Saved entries
________________________________________

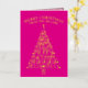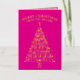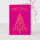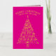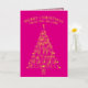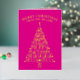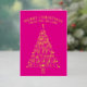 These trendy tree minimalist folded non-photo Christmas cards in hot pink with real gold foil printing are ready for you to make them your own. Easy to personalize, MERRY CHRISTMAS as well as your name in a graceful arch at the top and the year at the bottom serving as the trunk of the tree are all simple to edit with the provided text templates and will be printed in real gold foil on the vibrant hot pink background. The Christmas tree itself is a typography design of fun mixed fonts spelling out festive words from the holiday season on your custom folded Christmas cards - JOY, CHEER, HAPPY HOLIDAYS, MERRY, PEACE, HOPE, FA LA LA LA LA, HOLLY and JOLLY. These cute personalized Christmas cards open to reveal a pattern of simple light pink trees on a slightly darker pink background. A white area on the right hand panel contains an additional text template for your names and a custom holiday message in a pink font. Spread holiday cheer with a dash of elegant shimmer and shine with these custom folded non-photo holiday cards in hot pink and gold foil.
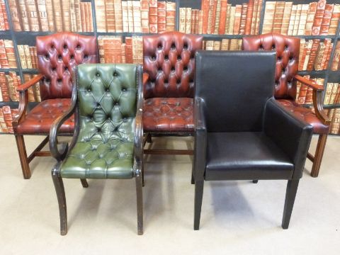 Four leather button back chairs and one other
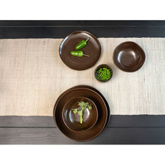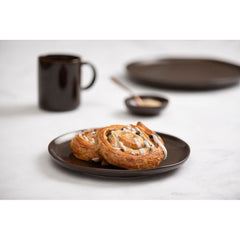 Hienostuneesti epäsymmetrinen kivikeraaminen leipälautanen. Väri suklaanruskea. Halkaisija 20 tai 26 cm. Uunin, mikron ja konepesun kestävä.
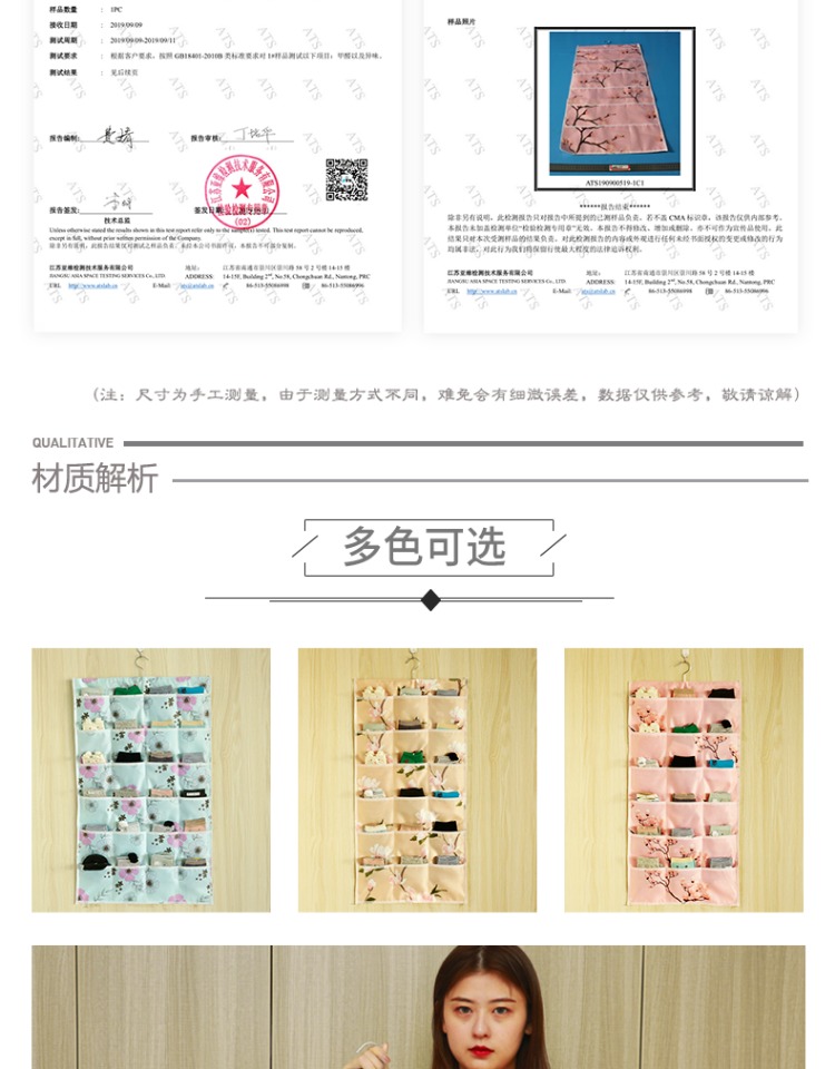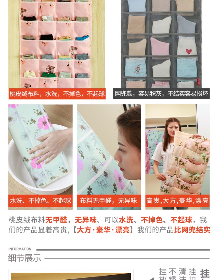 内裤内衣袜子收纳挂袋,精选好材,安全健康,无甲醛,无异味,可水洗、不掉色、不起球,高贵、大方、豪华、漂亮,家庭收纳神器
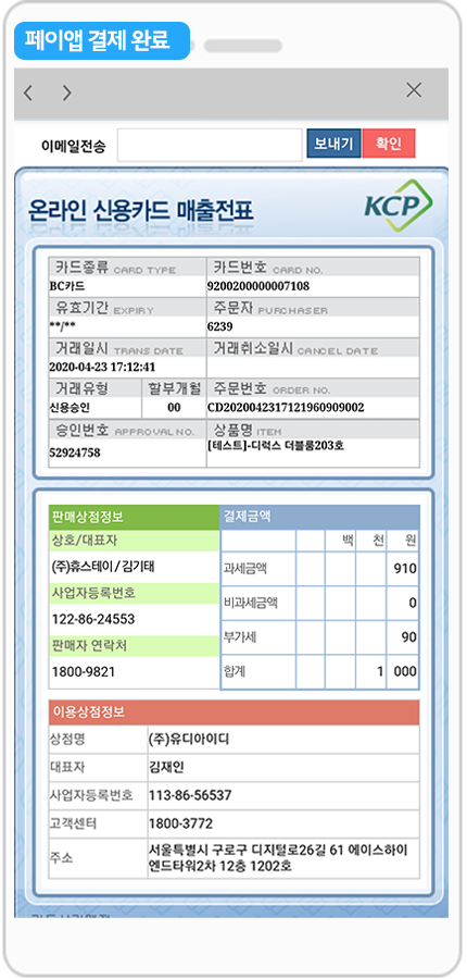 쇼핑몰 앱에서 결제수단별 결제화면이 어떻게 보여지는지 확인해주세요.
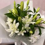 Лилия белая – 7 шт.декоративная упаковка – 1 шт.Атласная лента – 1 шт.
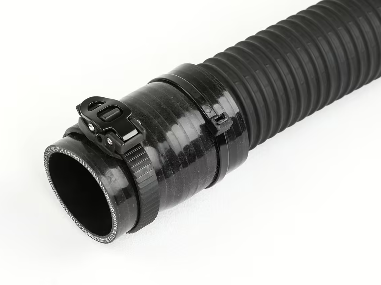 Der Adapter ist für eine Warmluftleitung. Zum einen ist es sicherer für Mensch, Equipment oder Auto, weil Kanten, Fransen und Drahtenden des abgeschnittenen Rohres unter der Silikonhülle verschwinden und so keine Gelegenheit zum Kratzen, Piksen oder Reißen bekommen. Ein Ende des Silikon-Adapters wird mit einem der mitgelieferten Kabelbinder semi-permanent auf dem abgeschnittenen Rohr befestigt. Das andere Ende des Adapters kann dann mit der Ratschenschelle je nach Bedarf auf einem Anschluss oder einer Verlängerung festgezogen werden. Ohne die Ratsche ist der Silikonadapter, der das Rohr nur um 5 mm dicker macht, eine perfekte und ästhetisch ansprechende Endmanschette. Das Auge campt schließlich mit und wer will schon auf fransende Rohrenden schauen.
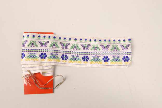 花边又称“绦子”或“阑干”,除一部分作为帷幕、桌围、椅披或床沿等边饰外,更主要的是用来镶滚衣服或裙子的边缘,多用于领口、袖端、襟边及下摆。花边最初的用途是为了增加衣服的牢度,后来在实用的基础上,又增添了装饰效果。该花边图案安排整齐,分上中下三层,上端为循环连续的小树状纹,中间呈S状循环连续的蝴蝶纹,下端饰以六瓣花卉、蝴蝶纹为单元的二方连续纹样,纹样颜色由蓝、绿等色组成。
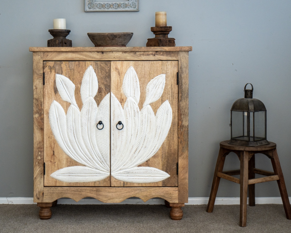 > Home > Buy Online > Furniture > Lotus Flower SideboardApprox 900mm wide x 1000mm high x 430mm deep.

________________________________________

Could you set down every entry above exactly as it stands, with no images?

> **YOUR RESPONSE**
 These trendy tree minimalist folded non-photo Christmas cards in hot pink with real gold foil printing are ready for you to make them your own. Easy to personalize, MERRY CHRISTMAS as well as your name in a graceful arch at the top and the year at the bottom serving as the trunk of the tree are all simple to edit with the provided text templates and will be printed in real gold foil on the vibrant hot pink background. The Christmas tree itself is a typography design of fun mixed fonts spelling out festive words from the holiday season on your custom folded Christmas cards - JOY, CHEER, HAPPY HOLIDAYS, MERRY, PEACE, HOPE, FA LA LA LA LA, HOLLY and JOLLY. These cute personalized Christmas cards open to reveal a pattern of simple light pink trees on a slightly darker pink background. A white area on the right hand panel contains an additional text template for your names and a custom holiday message in a pink font. Spread holiday cheer with a dash of elegant shimmer and shine with these custom folded non-photo holiday cards in hot pink and gold foil.
 Four leather button back chairs and one other
 Hienostuneesti epäsymmetrinen kivikeraaminen leipälautanen. Väri suklaanruskea. Halkaisija 20 tai 26 cm. Uunin, mikron ja konepesun kestävä.
 内裤内衣袜子收纳挂袋,精选好材,安全健康,无甲醛,无异味,可水洗、不掉色、不起球,高贵、大方、豪华、漂亮,家庭收纳神器
 쇼핑몰 앱에서 결제수단별 결제화면이 어떻게 보여지는지 확인해주세요.
 Лилия белая – 7 шт.декоративная упаковка – 1 шт.Атласная лента – 1 шт.
 Der Adapter ist für eine Warmluftleitung. Zum einen ist es sicherer für Mensch, Equipment oder Auto, weil Kanten, Fransen und Drahtenden des abgeschnittenen Rohres unter der Silikonhülle verschwinden und so keine Gelegenheit zum Kratzen, Piksen oder Reißen bekommen. Ein Ende des Silikon-Adapters wird mit einem der mitgelieferten Kabelbinder semi-permanent auf dem abgeschnittenen Rohr befestigt. Das andere Ende des Adapters kann dann mit der Ratschenschelle je nach Bedarf auf einem Anschluss oder einer Verlängerung festgezogen werden. Ohne die Ratsche ist der Silikonadapter, der das Rohr nur um 5 mm dicker macht, eine perfekte und ästhetisch ansprechende Endmanschette. Das Auge campt schließlich mit und wer will schon auf fransende Rohrenden schauen.
 花边又称“绦子”或“阑干”,除一部分作为帷幕、桌围、椅披或床沿等边饰外,更主要的是用来镶滚衣服或裙子的边缘,多用于领口、袖端、襟边及下摆。花边最初的用途是为了增加衣服的牢度,后来在实用的基础上,又增添了装饰效果。该花边图案安排整齐,分上中下三层,上端为循环连续的小树状纹,中间呈S状循环连续的蝴蝶纹,下端饰以六瓣花卉、蝴蝶纹为单元的二方连续纹样,纹样颜色由蓝、绿等色组成。
 > Home > Buy Online > Furniture > Lotus Flower SideboardApprox 900mm wide x 1000mm high x 430mm deep.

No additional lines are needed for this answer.